Chan (Note: 陳享, also known as Din Ying (典英), Daht Ting (逹庭)) was born on August 23, 1806, in King Mui, (Note: 京梅) a village in the San Woi (Note: 新會) district of Jiangmen, Guangdong province.

Chan's uncle Chan Yuen-wu, (Note: 陳遠護) a boxer from the Qingyun temple near Dinghu Mountain who had trained under Du Zhang Monk (獨杖禪師), who began teaching him the Fut Gar style of Chinese martial arts when he was seven. When Chan was fifteen, his uncle took him to Li Yau-san, (Note: 李友山) Chan Yuen-wu's senior classmate. Li had trained under Zhi Shan Monk (至善禪師).

Under Li's instruction, Chan spent the next four years learning the Li Gar style. Impressed with Chan's martial arts abilities, Li suggested that he train with a Shaolin monk called Choy Fook to learn Choy Gar,

According to legend, the monk Jee Sin Sim See is said to have been one of the legendary Five Elders who survived the destruction of the Shaolin Temple sometime during the late Qing Dynasty.

At the time Chan sought Choy out, he had lived as a recluse on Mount Luofu and no longer wished to teach martial arts. Chan set out to the mountain to find him. When Choy was at the Shaolin temple, he had been seriously burned, and his head had healed with scars, which gave him the nickname "Monk with the Wounded Head" (爛頭和尙). Using that description, Chan eventually located the monk and handed him a letter of recommendation from Li. However, Chan was disappointed when Choy turned him down. After much begging, Choy agreed to take the young man as a student, but only to study Buddhism.

One morning, when Chan was practicing his martial arts, Choy pointed to a heavy rock and told him to kick it into the air.

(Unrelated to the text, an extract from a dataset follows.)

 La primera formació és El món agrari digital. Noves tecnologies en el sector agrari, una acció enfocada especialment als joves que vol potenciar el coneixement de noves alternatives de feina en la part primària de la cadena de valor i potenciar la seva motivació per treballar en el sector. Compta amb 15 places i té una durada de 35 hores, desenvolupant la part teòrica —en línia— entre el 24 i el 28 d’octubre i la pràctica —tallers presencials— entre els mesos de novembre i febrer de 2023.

Chan exerted all of his strength as his foot crashed against the rock, sending it 12 ft away. Instead of being complimented, he watched as Choy placed his own foot under the heavy rock and effortlessly propelled it through the air. Chan was awestruck by this demonstration. Again he begged Choy to teach him his martial arts. This time the monk agreed, and for nine years, Choy taught Chan both the way of Buddhism and the way of martial arts.

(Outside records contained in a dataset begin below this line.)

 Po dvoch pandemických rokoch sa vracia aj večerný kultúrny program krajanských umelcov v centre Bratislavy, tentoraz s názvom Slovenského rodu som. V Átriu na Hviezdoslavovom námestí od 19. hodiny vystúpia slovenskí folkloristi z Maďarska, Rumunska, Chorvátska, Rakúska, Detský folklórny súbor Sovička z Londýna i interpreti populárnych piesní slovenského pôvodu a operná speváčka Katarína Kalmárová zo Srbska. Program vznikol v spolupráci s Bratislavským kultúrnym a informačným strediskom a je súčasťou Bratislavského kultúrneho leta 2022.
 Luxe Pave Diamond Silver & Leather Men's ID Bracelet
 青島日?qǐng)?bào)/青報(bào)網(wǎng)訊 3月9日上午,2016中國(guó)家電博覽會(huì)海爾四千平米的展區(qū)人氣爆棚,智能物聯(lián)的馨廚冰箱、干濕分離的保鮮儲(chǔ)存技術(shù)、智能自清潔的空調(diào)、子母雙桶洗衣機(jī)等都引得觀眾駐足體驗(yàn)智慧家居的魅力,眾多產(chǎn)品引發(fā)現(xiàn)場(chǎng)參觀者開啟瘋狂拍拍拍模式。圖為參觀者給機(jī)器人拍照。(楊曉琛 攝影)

In 1836, Chan formally established the Choy Li Fut system, named to honor his 3 teachers: Choy Fook, Li Yau-san and his uncle Chan Yuen-woo, and developed to honor the Buddha and the Shaolin Kung Fu roots of the system.

== Characteristics ==
Chan revised and refined what that he had learned from his teachers and with his disciples, established standardized hand and leg techniques.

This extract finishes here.